* Exercise objective *
Please output only the lines that begin at the line with "Lækker let strikket" and run through the end of the entries below, exactly as written. Drop all pictures.

================================

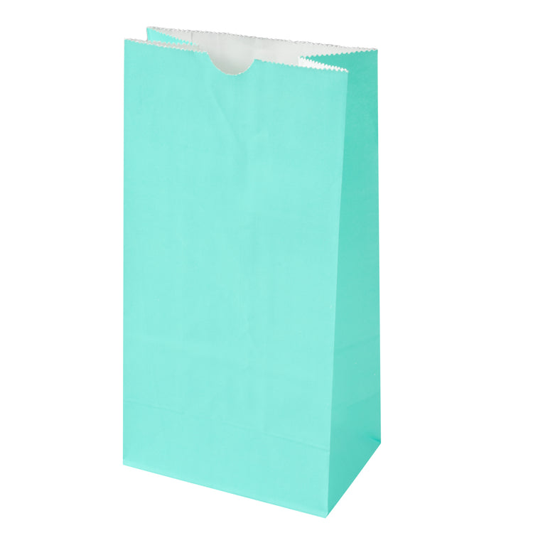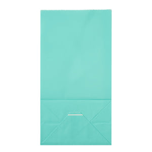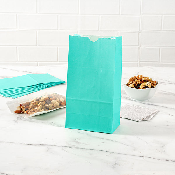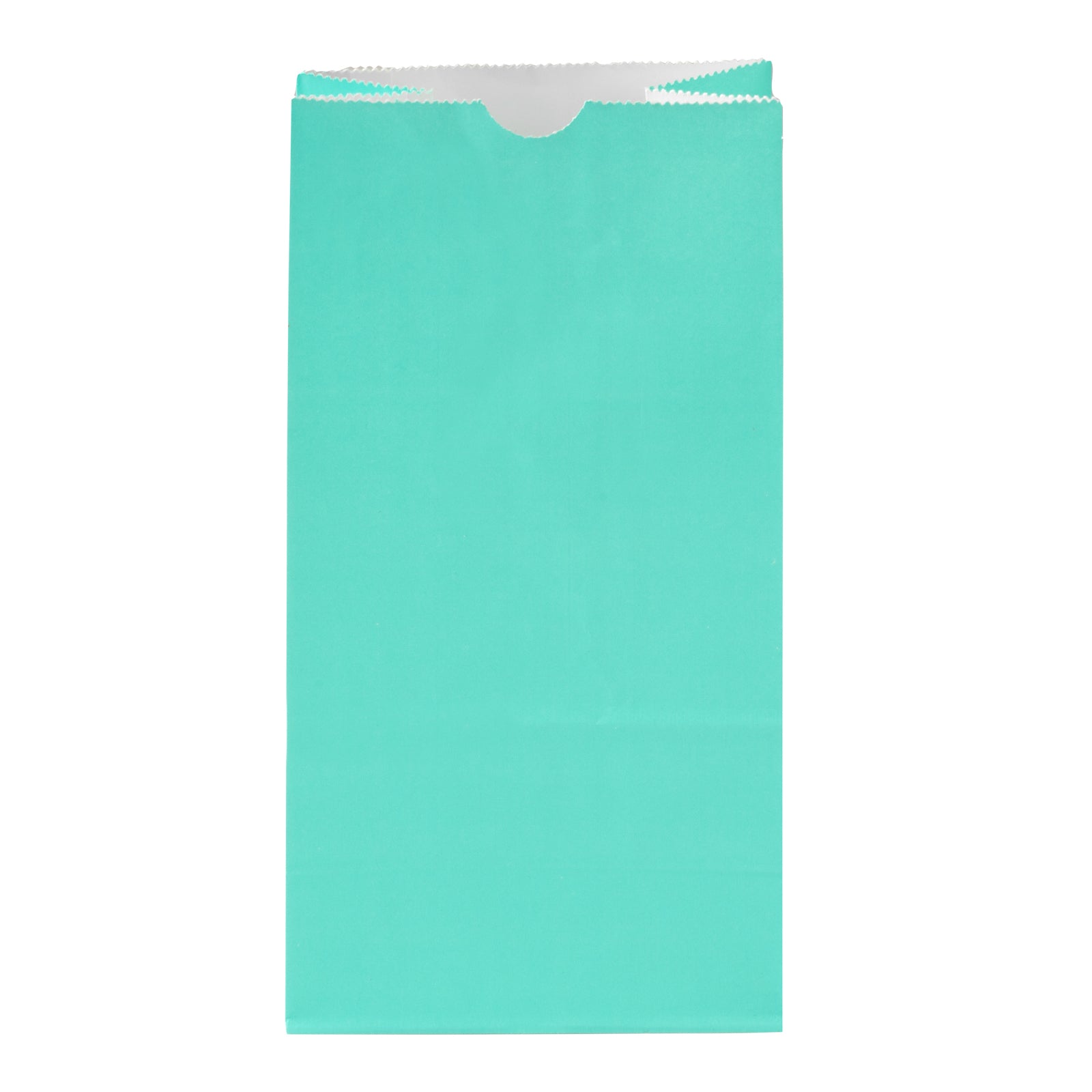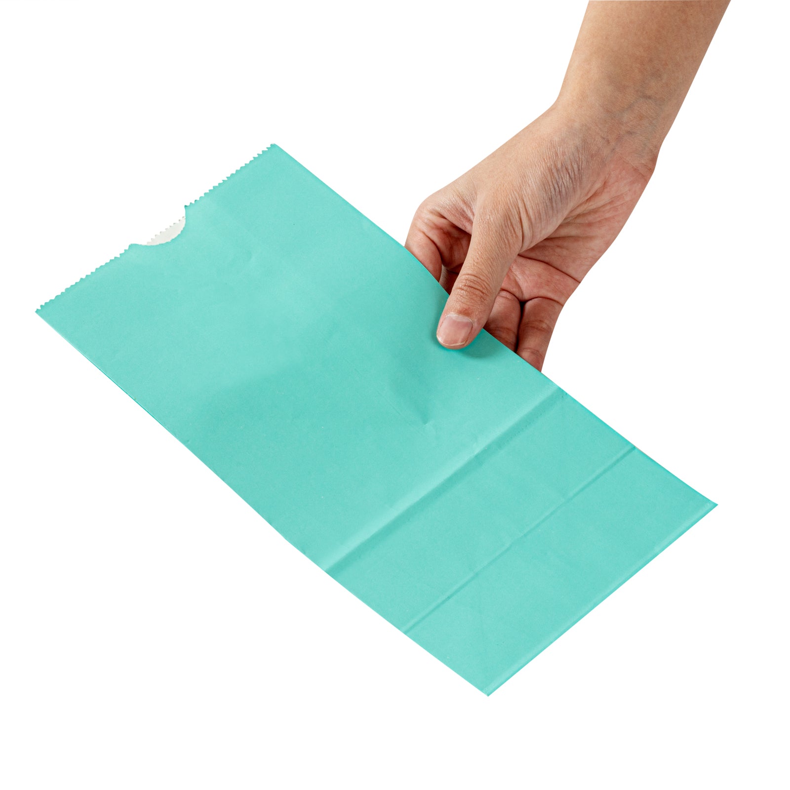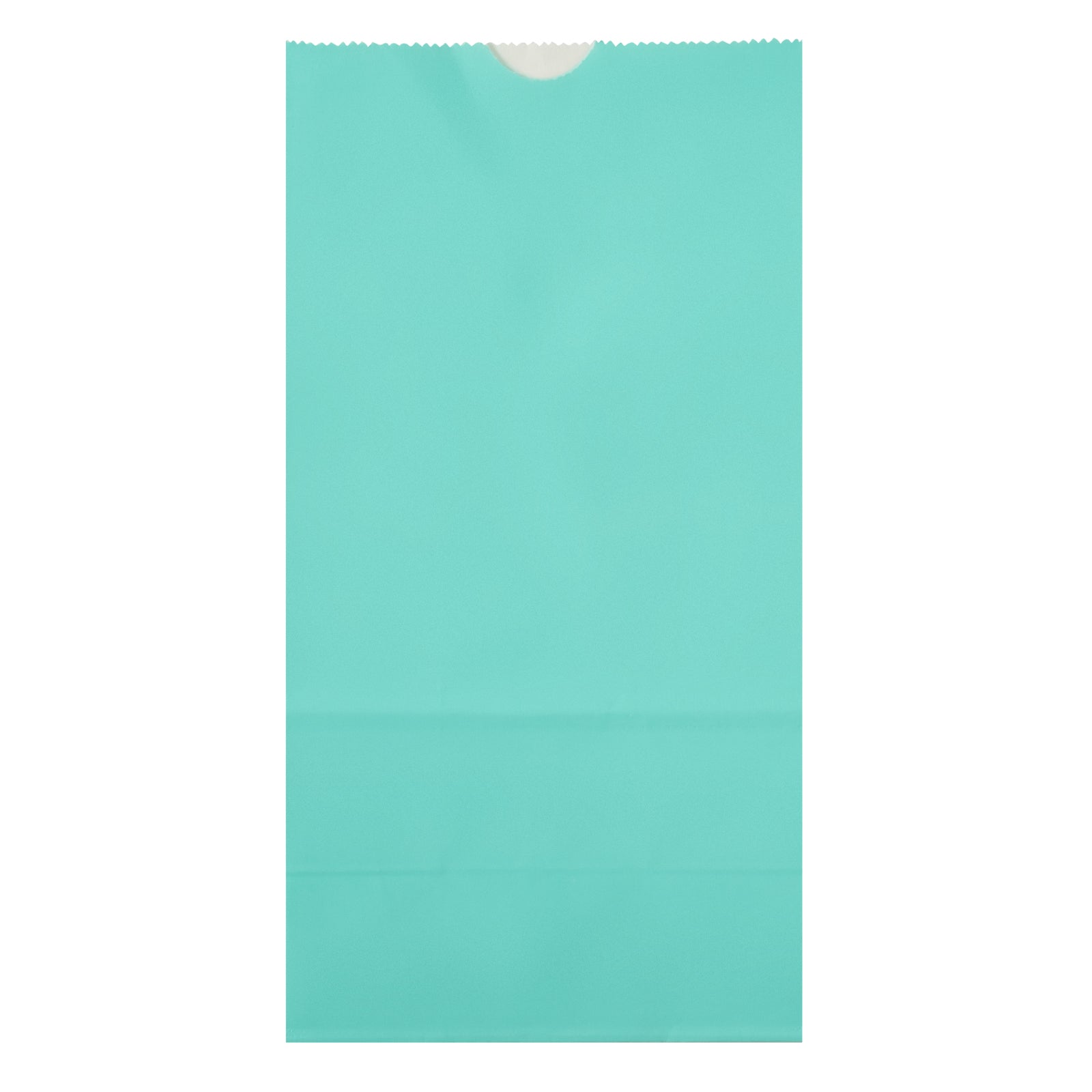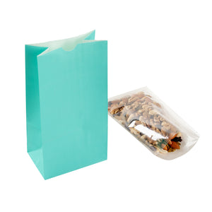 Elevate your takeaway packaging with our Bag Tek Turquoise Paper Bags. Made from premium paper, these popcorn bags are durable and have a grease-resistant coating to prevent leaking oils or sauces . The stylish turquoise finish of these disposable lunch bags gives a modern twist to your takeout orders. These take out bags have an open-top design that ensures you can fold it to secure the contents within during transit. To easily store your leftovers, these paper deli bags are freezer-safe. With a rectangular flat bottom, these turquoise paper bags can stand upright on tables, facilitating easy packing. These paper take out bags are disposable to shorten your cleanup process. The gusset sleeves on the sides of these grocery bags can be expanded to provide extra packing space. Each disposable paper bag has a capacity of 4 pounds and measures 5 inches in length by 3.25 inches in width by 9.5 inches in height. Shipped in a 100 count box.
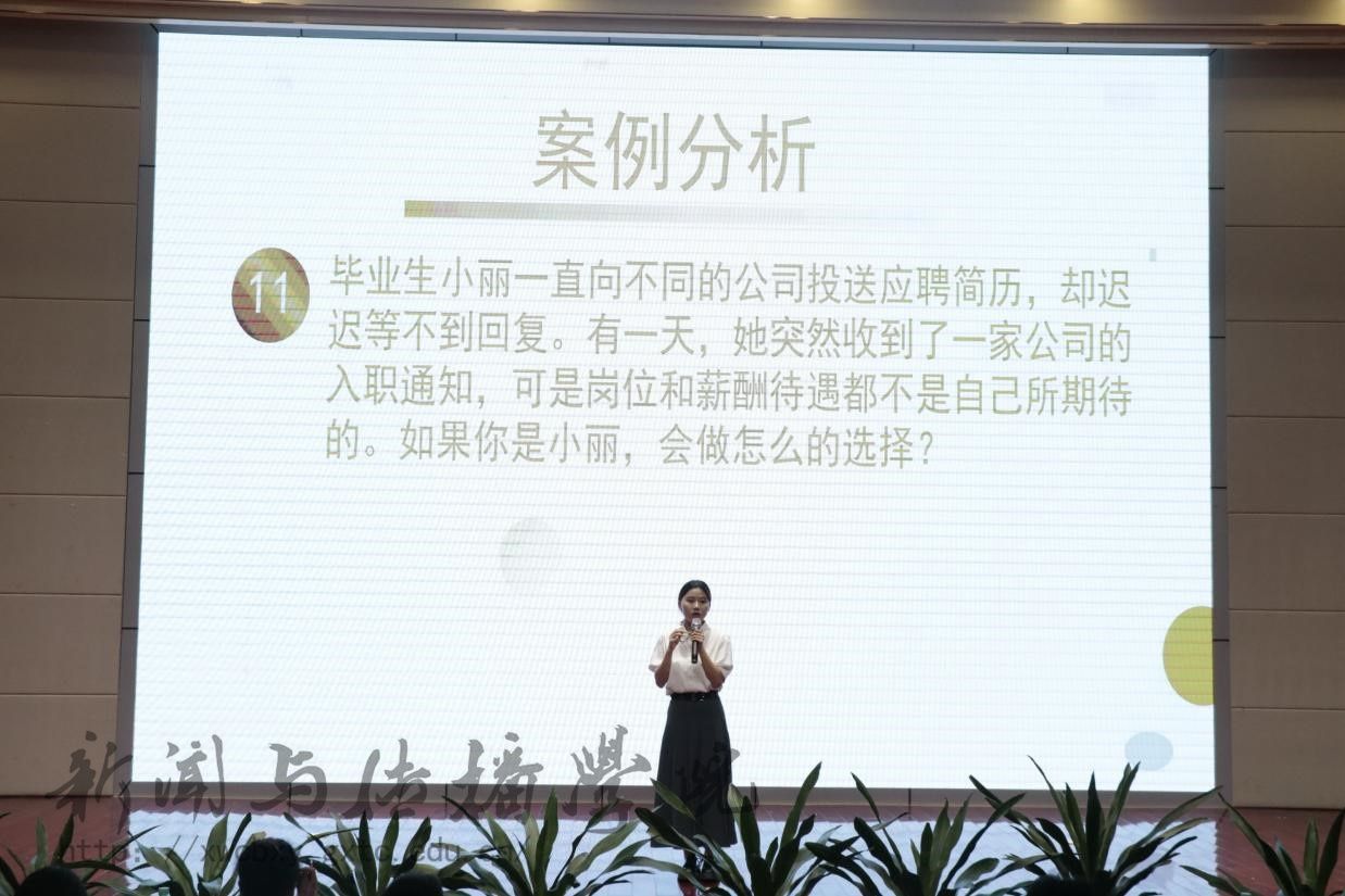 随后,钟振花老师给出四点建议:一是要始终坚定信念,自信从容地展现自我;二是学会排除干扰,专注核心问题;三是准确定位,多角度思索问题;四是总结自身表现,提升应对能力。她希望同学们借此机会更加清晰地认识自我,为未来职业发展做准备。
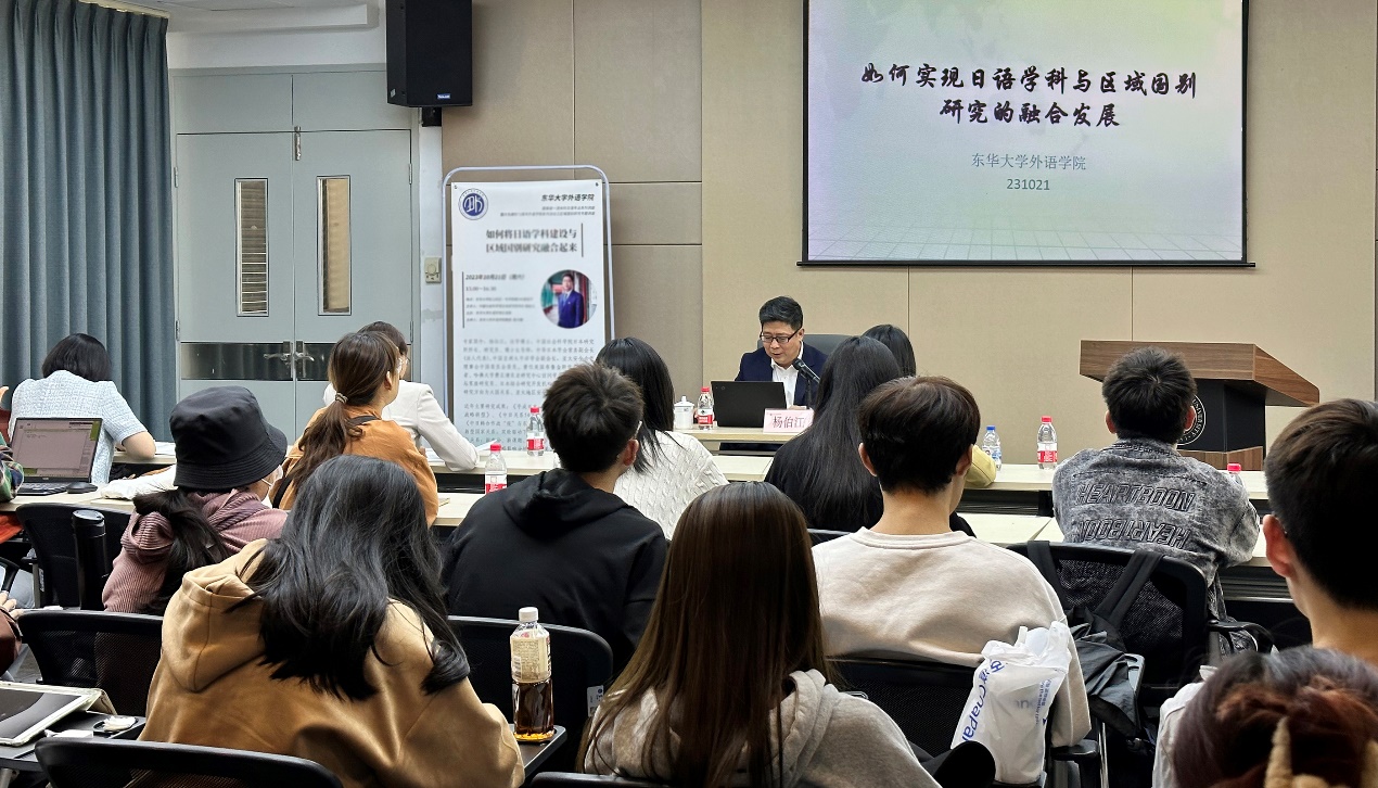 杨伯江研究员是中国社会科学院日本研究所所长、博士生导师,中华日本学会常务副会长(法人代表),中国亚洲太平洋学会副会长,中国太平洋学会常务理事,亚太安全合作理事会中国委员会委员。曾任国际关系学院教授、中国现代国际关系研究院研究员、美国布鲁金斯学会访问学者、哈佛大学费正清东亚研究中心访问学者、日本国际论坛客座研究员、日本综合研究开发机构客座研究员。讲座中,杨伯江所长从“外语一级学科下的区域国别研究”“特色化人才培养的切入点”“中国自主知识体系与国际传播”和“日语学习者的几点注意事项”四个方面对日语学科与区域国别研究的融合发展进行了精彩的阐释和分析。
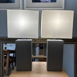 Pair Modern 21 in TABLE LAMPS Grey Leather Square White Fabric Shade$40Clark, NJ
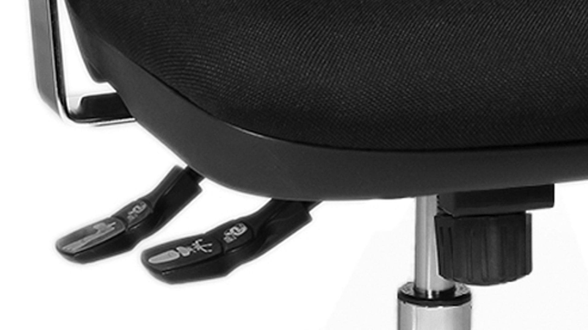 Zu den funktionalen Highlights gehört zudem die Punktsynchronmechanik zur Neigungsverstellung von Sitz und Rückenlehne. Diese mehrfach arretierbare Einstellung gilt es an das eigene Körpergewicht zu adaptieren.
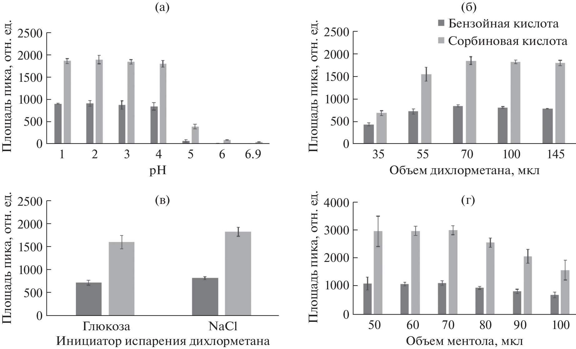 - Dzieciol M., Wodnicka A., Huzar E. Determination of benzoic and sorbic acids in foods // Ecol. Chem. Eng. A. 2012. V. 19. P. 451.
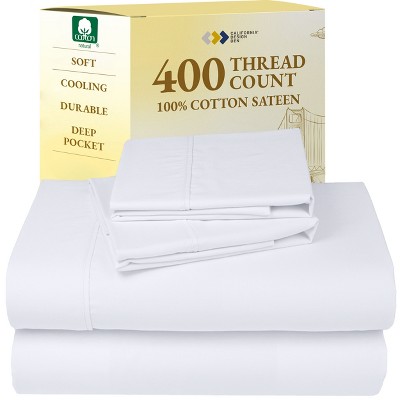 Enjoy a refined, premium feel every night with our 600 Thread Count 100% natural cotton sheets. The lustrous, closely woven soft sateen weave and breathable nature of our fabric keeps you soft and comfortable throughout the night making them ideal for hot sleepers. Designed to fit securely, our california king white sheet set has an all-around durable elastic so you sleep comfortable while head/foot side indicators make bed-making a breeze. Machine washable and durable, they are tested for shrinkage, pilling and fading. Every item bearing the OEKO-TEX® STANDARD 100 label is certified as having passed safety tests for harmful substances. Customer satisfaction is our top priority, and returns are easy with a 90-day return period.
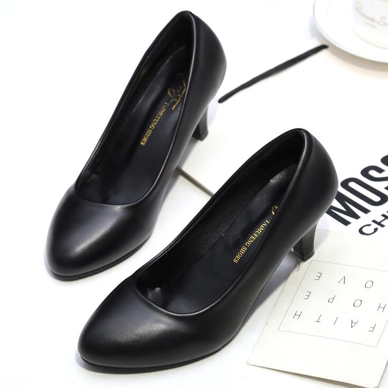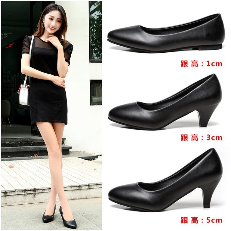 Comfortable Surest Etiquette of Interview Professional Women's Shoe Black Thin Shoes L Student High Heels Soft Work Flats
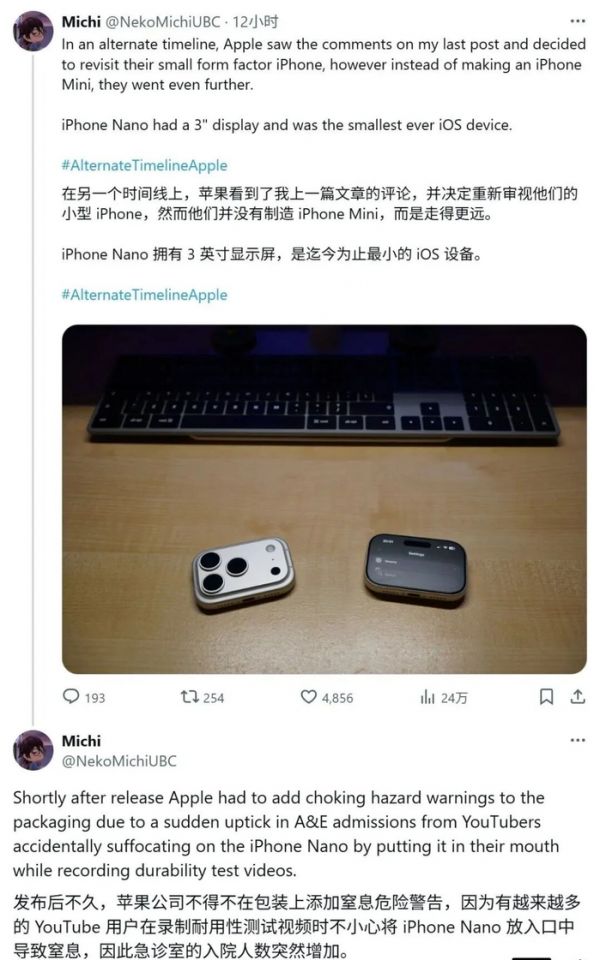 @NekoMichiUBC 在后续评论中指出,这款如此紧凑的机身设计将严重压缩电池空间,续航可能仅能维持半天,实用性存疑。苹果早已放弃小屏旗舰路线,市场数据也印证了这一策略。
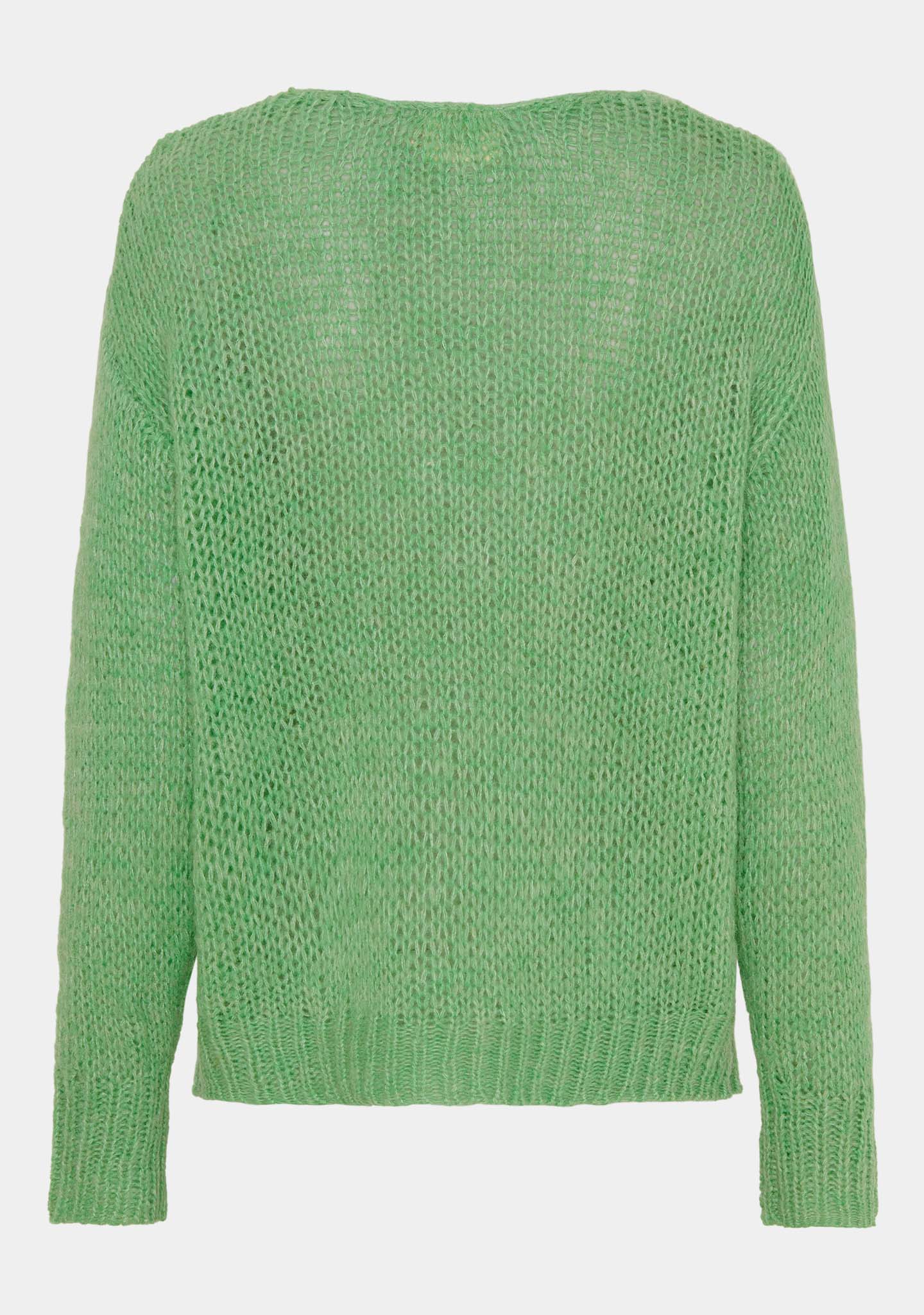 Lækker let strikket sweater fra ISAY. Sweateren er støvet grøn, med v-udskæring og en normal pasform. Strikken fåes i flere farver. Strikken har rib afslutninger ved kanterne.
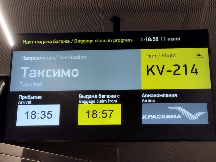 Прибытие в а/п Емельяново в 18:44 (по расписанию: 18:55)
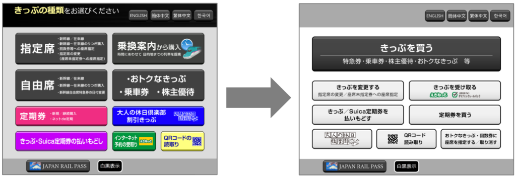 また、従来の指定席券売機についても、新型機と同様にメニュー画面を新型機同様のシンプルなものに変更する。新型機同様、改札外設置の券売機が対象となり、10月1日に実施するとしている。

================================

* Written response *
 Lækker let strikket sweater fra ISAY. Sweateren er støvet grøn, med v-udskæring og en normal pasform. Strikken fåes i flere farver. Strikken har rib afslutninger ved kanterne.
 Прибытие в а/п Емельяново в 18:44 (по расписанию: 18:55)
 また、従来の指定席券売機についても、新型機と同様にメニュー画面を新型機同様のシンプルなものに変更する。新型機同様、改札外設置の券売機が対象となり、10月1日に実施するとしている。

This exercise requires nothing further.